** Opening Stored data block **

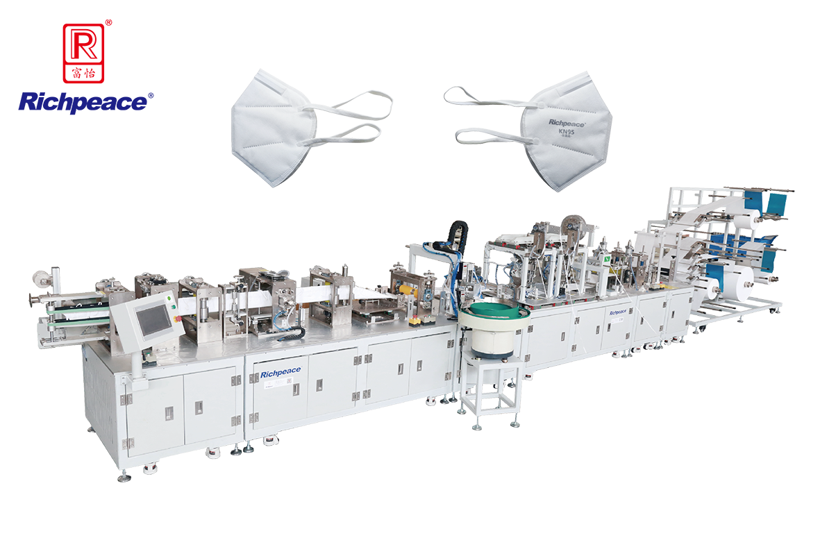 1.全自動化生產(chǎn)N95/KN95折疊口罩,從面料輸入到成品輸出,自動完成口罩花型焊接,鼻梁夾置入,標(biāo)識噴印,頭帶焊接,輪廓切割與廢料分離等,成品外型尺寸標(biāo)準(zhǔn),合格率高;
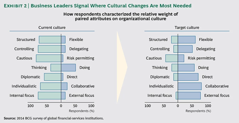 The problem is that while business leaders recognize the importance of culture change in propelling and sustaining high performance, BCG research shows that relatively few address it in the early stages of the transformation. Although the majority of respondents indicated that they believe culture change accounts for 20 percent of a transformation’s total value, only one-third of respondents factor it into their program and only one-quarter indicated that employee satisfaction and engagement were specific program objectives. Despite this paradox, participants broadly agree on the cultural characteristics most likely to yield a successful outcome—including a collaborative, flexible, customer-centric environment. (See Exhibit 2.)
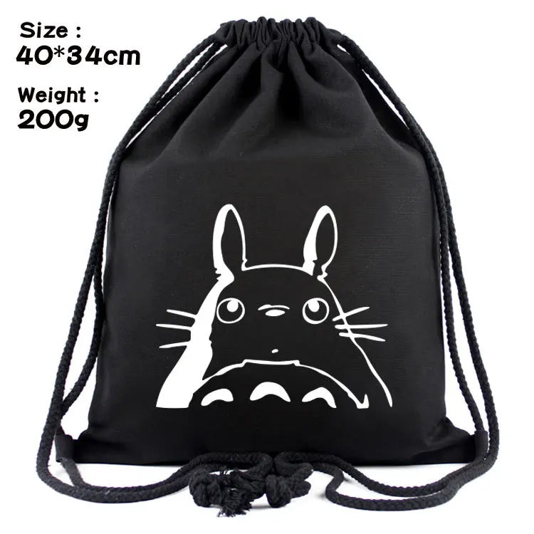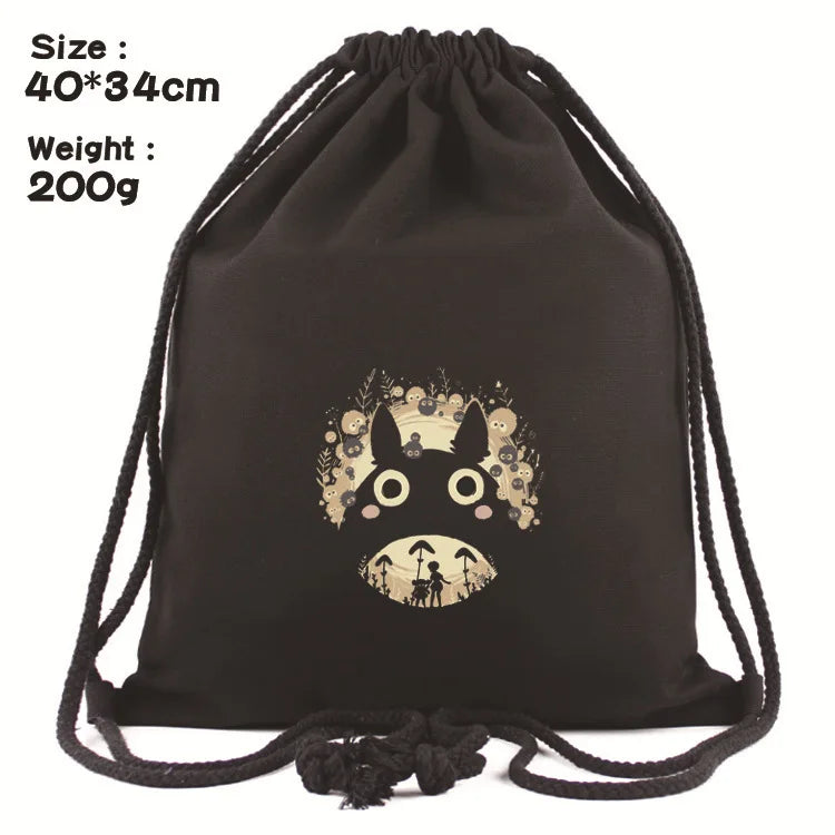 This canvas drawstring backpack features Totoro design, ideal for teenagers and kids going to school. Suitable for both boys and girls.

** Closing Stored data block **

▶ [Work task]
Return the data verbatim, leaving out the pictures it holds.

▶ [Answer below]
 1.全自動化生產(chǎn)N95/KN95折疊口罩,從面料輸入到成品輸出,自動完成口罩花型焊接,鼻梁夾置入,標(biāo)識噴印,頭帶焊接,輪廓切割與廢料分離等,成品外型尺寸標(biāo)準(zhǔn),合格率高;
 The problem is that while business leaders recognize the importance of culture change in propelling and sustaining high performance, BCG research shows that relatively few address it in the early stages of the transformation. Although the majority of respondents indicated that they believe culture change accounts for 20 percent of a transformation’s total value, only one-third of respondents factor it into their program and only one-quarter indicated that employee satisfaction and engagement were specific program objectives. Despite this paradox, participants broadly agree on the cultural characteristics most likely to yield a successful outcome—including a collaborative, flexible, customer-centric environment. (See Exhibit 2.)
 This canvas drawstring backpack features Totoro design, ideal for teenagers and kids going to school. Suitable for both boys and girls.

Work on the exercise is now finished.